Dazwischen gibt man sich den bluesigeren Noten mal verstärkt ("Not Supposed To Sing The Blues", "My Woman My Friend"), mal weniger intensiv hin ("Demon Head"), leistet sich gelungene Stilmischungen zwischen Rock und Blues im Titeltrack "Bag Of Bones", der stilistisch auch schon mal an spätere BRUCE SPRINGSTEEN-Nummern erinnert, und rockt sich geradlinig bei "Firebox" und "Doghouse" weg.

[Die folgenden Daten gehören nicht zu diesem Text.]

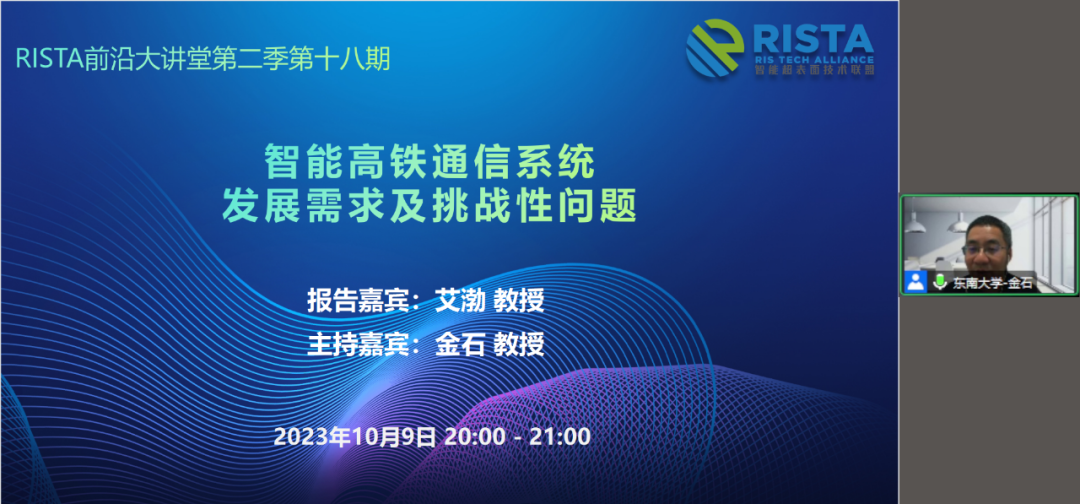 2023年10月9日智能超表面技术联盟主办的RISTA前沿大讲堂第二季第十八期线上研讨讲座在东南大学(智能超表面技术联盟理事长单位)金石教授的主持下圆满结束。
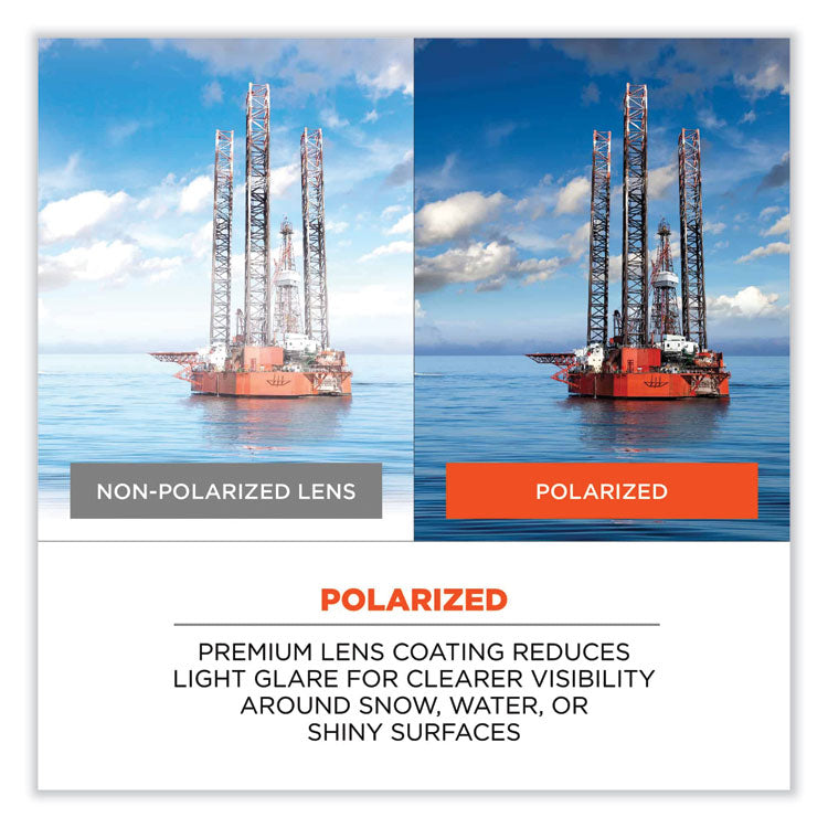 The Skullerz® Odin Safety Glasses take their name from the king of the Norse Gods. These full-frame, protective work safety sunglasses feature tough scratch-resistant lenses filter 99.9 percent of harmful UVA, UVB and UVC rays to keep your eyes safe in the sun. The durable frames bend and flex without breaking. A non-slip rubber nose piece and rubber temples keep the glasses secure and resist sweat. An elastic retainer strap or foam gasket insert can be attached to the temples. They offer high-velocity impact protection and ballistic fragmentation protection, which is the U.S. Military Combat Eye Protection System Performance Specification for eyewear. Polarized—Reduce glare and eye fatigue around water, snow and in other bright environments. Safety Glasses Style: Wraparound; Frame Color: Black; Frame Material: Nylon Impact; Lens Material: Polycarbonate.

Dieser Hardrock-Cocktail, gepaart mit den erstklassigen Vocals von Joey Tempest, der einfach immer noch zu den absolut besten seiner Zunft gehört, und dessen klarer und ausdrucksstarker Stimme man einfach immer gerne zuhört, zergeht auf dem musikalischen Gaumen des Hörers also durchaus bekömmlich; ein bisschen vermisst man sie aber schon, die Keyboard-lastigen Stadionhymnen der Vergangenheit. Für langjährige Fans der Band wird "Bag Of Bones" daher sicherlich ein (mehr oder minder) interessantes Projekt darstellen, und es bleibt abzuwarten, wie diese stilistische Neuausrichtung beim Zielpublikum angenommen wird. Respekt gebührt den alten Schweden aber allemal dafür, sich gerade in einem fortgeschrittenen Stadium ihrer Karriere - zumindest auf diesem Album - neu erfinden zu wollen. Und grundsätzlich funktioniert das auch, wenngleich aber die wirklich großen Stärken der Band im bluesigen Rahmen dieser Scheibe nicht so ganz durchblitzen können. Ein bisschen zu trist fallen manchmal die Refrains aus, kaum eine Hookline will sich so richtig im Ohr festsetzen, und die Soli von John Norum können sich im Blues-Umfeld auch nicht ganz so entfalten, wie man sich das angesichts seiner vergangenen Glamrock- und Metal-Großtaten wünschen würde.

So ist "Bag Of Bones" also ein mutiges, unerwartetes Album geworden, das aber wohl erst probegehört werden sollte - vor allem von jenen, die sich nach einer musikalischen Zeitreise in die Periode der ganz großen Erfolge dieser Band sehnen. Denn die passiert hier sicherlich nicht.